Danke für den Link. Hast du davon welche ausprobiert? Wie schmal "darf" denn ein Schlauch für die Rocket Rons sein? Ich will dich nicht festnageln, es wäre nur schön, vorher ein paar Dinge auszuschliessen, bevor ich wild rumprobiere. ;-)


----------



## drehvial (22. Februar 2017)

Sorry, Erfahrungen habe ich da keine. Was ich oft genug gemacht habe: bei 28" einen Schlauch, der nur bis 28mm Reifenbreite geht in Reifen bis 38mm, hat immer problemlos funktioniert. Allerdings auf der Strasse und mit hohem Luftdruck. im MTB-Bereich habe ich da keine Erfahrung ob so etwas wirklich funktioniert.


----------



## Cannondale0815 (2. Mai 2017)

Hi, bei Schwalbe ist die Abkürzung A immer für xlight. Also zB. Der 14a ist 26" und wiegt laut Schwalbe 95g. 24" gibt es auch müsste ich aber nach der Nummer gucken.

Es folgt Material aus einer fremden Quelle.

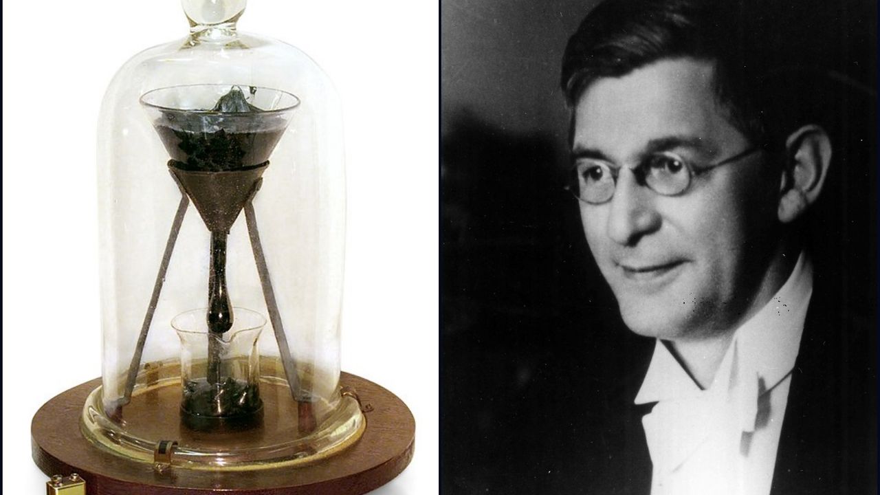 O andan itibaren siyah renkli madde akmaya başladı, ya da en azından bilimsel anlamda akmaya. Oda sıcaklığında katı gibi görünen pitch, gerçekte sudan yaklaşık 100 milyar kat daha viskoz bir akışkan. Bu nedenle ilk damlanın alttaki beher kaba düşmesi tam sekiz yıl sürdü.

Ich hab mir die Rollstuhl Version geholt (24") wiegt dann 65g. Geht für die Schwalbe kojak


----------



## wintermute (3. Mai 2017)

Hallo,

den Schwalbe SV9b (laut schwalbe 65g leicht, nicht selbst gewogen) kann ich für 24" mit dem 2.1" Schwalbe Rocket Ron nicht empfehlen, den hat es mir wenige Tage nach dem Einbauen vorne und hinten mit einem zentimeterlangen Schlitz zerissen. Dabei stand das Bike in dieser Zeit nur im Keller. Da war wohl zu wenig Reserve in der Dehnbarkeit. Der ist aber auch nicht für diese breiten Reifen spezifiziert, aber ich dachte mir, dass man es mal probieren könnte. War wohl nix...
Das ist aber auch schon 4 Jahre her, evtl. hat sich da was getan in der Gummimischung.

Gruss
Thomas


----------